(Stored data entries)
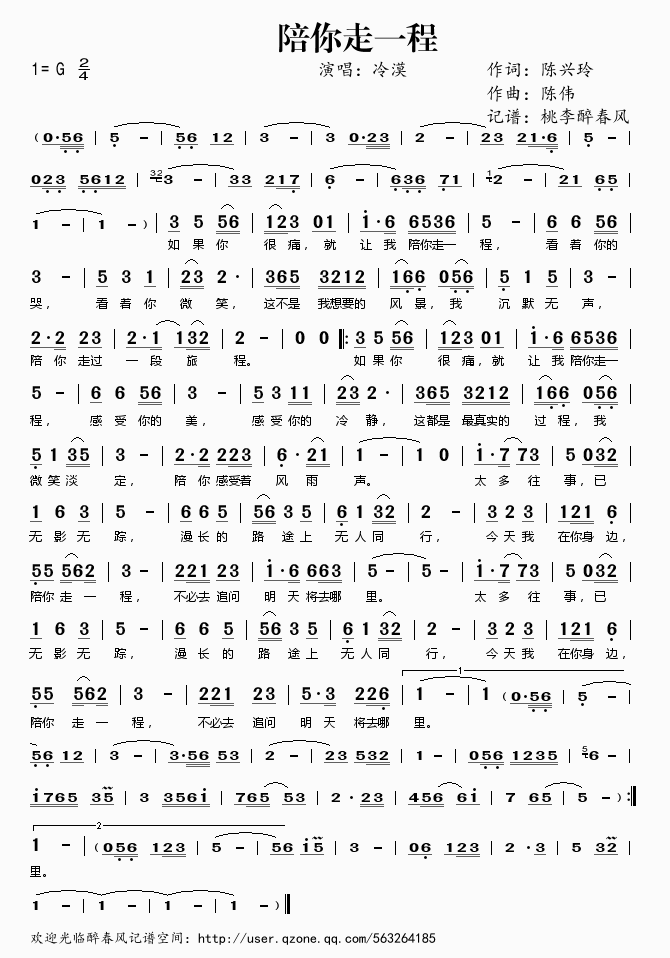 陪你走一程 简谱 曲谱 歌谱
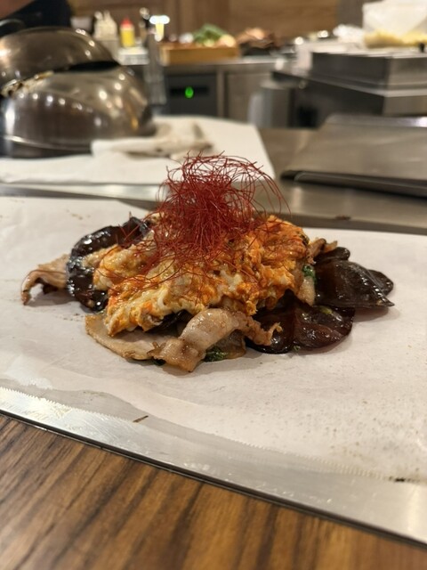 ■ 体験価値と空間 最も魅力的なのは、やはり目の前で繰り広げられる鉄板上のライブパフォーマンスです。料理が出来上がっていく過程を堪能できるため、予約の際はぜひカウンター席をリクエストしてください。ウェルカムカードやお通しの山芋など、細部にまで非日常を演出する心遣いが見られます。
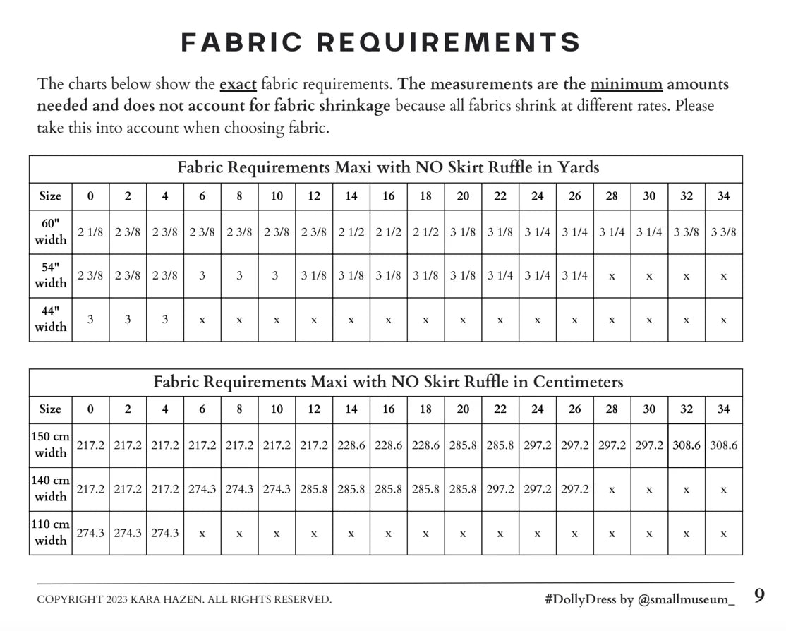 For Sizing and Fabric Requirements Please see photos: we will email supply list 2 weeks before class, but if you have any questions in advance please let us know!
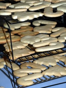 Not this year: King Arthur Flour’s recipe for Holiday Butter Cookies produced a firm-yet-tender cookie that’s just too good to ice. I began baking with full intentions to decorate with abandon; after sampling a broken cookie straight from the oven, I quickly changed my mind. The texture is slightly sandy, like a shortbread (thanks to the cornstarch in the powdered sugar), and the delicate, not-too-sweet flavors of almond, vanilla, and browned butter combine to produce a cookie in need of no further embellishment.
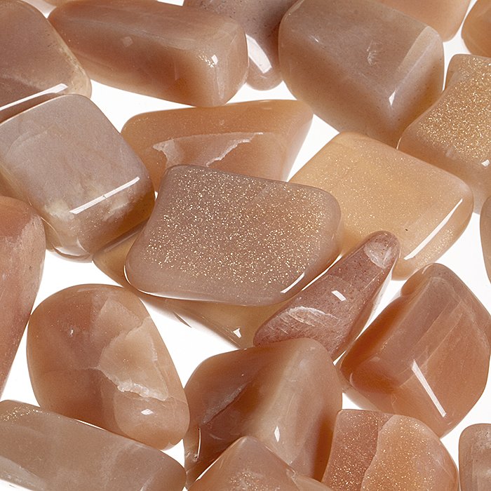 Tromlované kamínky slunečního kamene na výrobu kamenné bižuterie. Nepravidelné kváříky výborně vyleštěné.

§ What the task asks: The whole of the data above needs retyping exactly, with pictures omitted.

§ Response for this exercise:
 陪你走一程 简谱 曲谱 歌谱
 ■ 体験価値と空間 最も魅力的なのは、やはり目の前で繰り広げられる鉄板上のライブパフォーマンスです。料理が出来上がっていく過程を堪能できるため、予約の際はぜひカウンター席をリクエストしてください。ウェルカムカードやお通しの山芋など、細部にまで非日常を演出する心遣いが見られます。
 For Sizing and Fabric Requirements Please see photos: we will email supply list 2 weeks before class, but if you have any questions in advance please let us know!
 Not this year: King Arthur Flour’s recipe for Holiday Butter Cookies produced a firm-yet-tender cookie that’s just too good to ice. I began baking with full intentions to decorate with abandon; after sampling a broken cookie straight from the oven, I quickly changed my mind. The texture is slightly sandy, like a shortbread (thanks to the cornstarch in the powdered sugar), and the delicate, not-too-sweet flavors of almond, vanilla, and browned butter combine to produce a cookie in need of no further embellishment.
 Tromlované kamínky slunečního kamene na výrobu kamenné bižuterie. Nepravidelné kváříky výborně vyleštěné.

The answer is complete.